Escape character is '^]'.
^]
telnet> quit
Connection closed.
That is what I normally expect. However, when I do the same from the secondary nameserver, it looks like this:
Code:
$ telnet 192.168.97.24 53
Trying 192.168.97.24...
telnet: connect to address 192.168.97.24: Operation timed out
telnet: Unable to connect to remote host
One would assume a network issue. But there is none. The packets do arrive at the destination, only there they get ignored.
This is how the working telnet connection from the neighbour node looks at the destination
Code:
# tcpdump -xxninadmn1l
20:40:01.604840 ARP, Request who-has 192.168.97.24 tell 192.168.97.18, length 46
0x0000: ffff ffff ffff 061d 9201 0222 0806 0001
0x0010: 0800 0604 0001 061d 9201 0222 c0a8 6112
0x0020: 0000 0000 0000 c0a8 6118 0000 0000 0000
0x0030: 0000 0000 0000 0000 0000 0000
20:40:01.604913 ARP, Reply 192.168.97.24 is-at 06:1d:92:01:01:05, length 28
0x0000: 061d 9201 0222 061d 9201 0105 0806 0001
0x0010: 0800 0604 0002 061d 9201 0105 c0a8 6118
0x0020: 061d 9201 0222 c0a8 6112
20:40:01.604993 IP 192.168.97.18.64497 > 192.168.97.24.53: Flags [S], seq 1911977491, win 65535, options [mss 1460,nop,wscale 6,sackOK,TS val 3668593643 ecr 0], length 0
0x0000: 061d 9201 0105 061d 9201 0222 0800 4510
0x0010: 003c 0000 4000 4006 f730 c0a8 6112 c0a8
0x0020: 6118 fbf1 0035 71f6 7613 0000 0000 a002
0x0030: ffff f9be 0000 0204 05b4 0103 0306 0402
0x0040: 080a daaa 4beb 0000 0000
20:40:01.605033 IP 192.168.97.24.53 > 192.168.97.18.64497: Flags [S.], seq 1403100325, ack 1911977492, win 65535, options [mss 1460,nop,wscale 6,sackOK,TS val 244552087 ecr 3668593643], length 0
0x0000: 061d 9201 0222 061d 9201 0105 0800 4500
0x0010: 003c 0000 4000 4006 f740 c0a8 6118 c0a8
0x0020: 6112 0035 fbf1 53a1 9ca5 71f6 7614 a012
0x0030: ffff 693c 0000 0204 05b4 0103 0306 0402
0x0040: 080a 0e93 9197 daaa 4beb
And this is the connection from the secondary nameserver:
Code:
20:40:56.717735 IP 192.168.99.1.41219 > 192.168.97.24.53: Flags [S], seq 3201504914, win 65535, options [mss 1460,nop,wscale 6,sackOK,TS val 67229358 ecr 0], length 0
0x0000: 061d 9201 0105 061d 9201 0202 0800 4510
0x0010: 003c 0000 4000 3e06 f741 c0a8 6301 c0a8
0x0020: 6118 a103 0035 bed3 1692 0000 0000 a002
0x0030: ffff e396 0000 0204 05b4 0103 0306 0402
0x0040: 080a 0401 d6ae 0000 0000
20:40:57.717784 IP 192.168.99.1.41219 > 192.168.97.24.53: Flags [S], seq 3201504914, win 65535, options [mss 1460,nop,wscale 6,sackOK,TS val 67230358 ecr 0], length 0
0x0000: 061d 9201 0105 061d 9201 0202 0800 4510
0x0010: 003c 0000 4000 3e06 f741 c0a8 6301 c0a8
0x0020: 6118 a103 0035 bed3 1692 0000 0000 a002
0x0030: ffff dfae 0000 0204 05b4 0103 0306 0402
0x0040: 080a 0401 da96 0000 0000
20:40:59.917842 IP 192.168.99.1.41219 > 192.168.97.24.53: Flags [S], seq 3201504914, win 65535, options [mss 1460,nop,wscale 6,sackOK,TS val 67232558 ecr 0], length 0
0x0000: 061d 9201 0105 061d 9201 0202 0800 4510
0x0010: 003c 0000 4000 3e06 f741 c0a8 6301 c0a8
0x0020: 6118 a103 0035 bed3 1692 0000 0000 a002
0x0030: ffff d716 0000 0204 05b4 0103 0306 0402
0x0040: 080a 0401 e32e 0000 0000
The packets do appear at the destination, but nothing is done with them.
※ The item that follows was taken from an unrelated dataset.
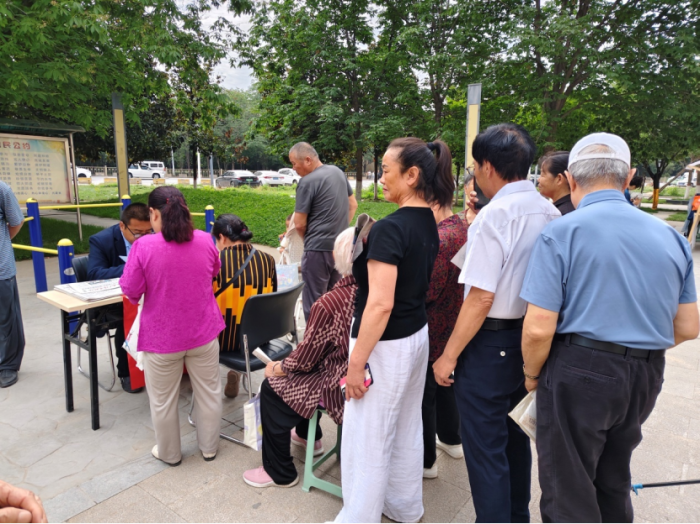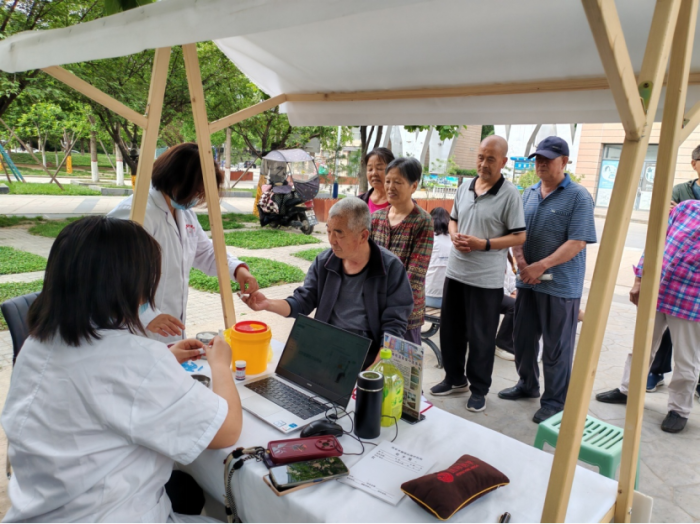 義診攤位,醫(yī)護(hù)人員為轄區(qū)居民開展血糖血壓測量、中醫(yī)問診等健康檢查,針對每位老人的情況提出相應(yīng)的治療建議,叮囑老人們在日常生活中要注意飲食,保持健康心態(tài)。

I did switch the local firewall to pass-thru, so that cannot be the reason.
I have no idea what else in a machine could just swallow packets without notice, and do that selectively only for those connections which I need.
The good thing is, this happens only with IPv4. The same link in IPv6 does work. That is good, because while spitting errors, the nameserver will still work. It is also bad, because this could already be here for a longer time, no idea when it appeared (because I don't think it was there from the beginning - should have noticed).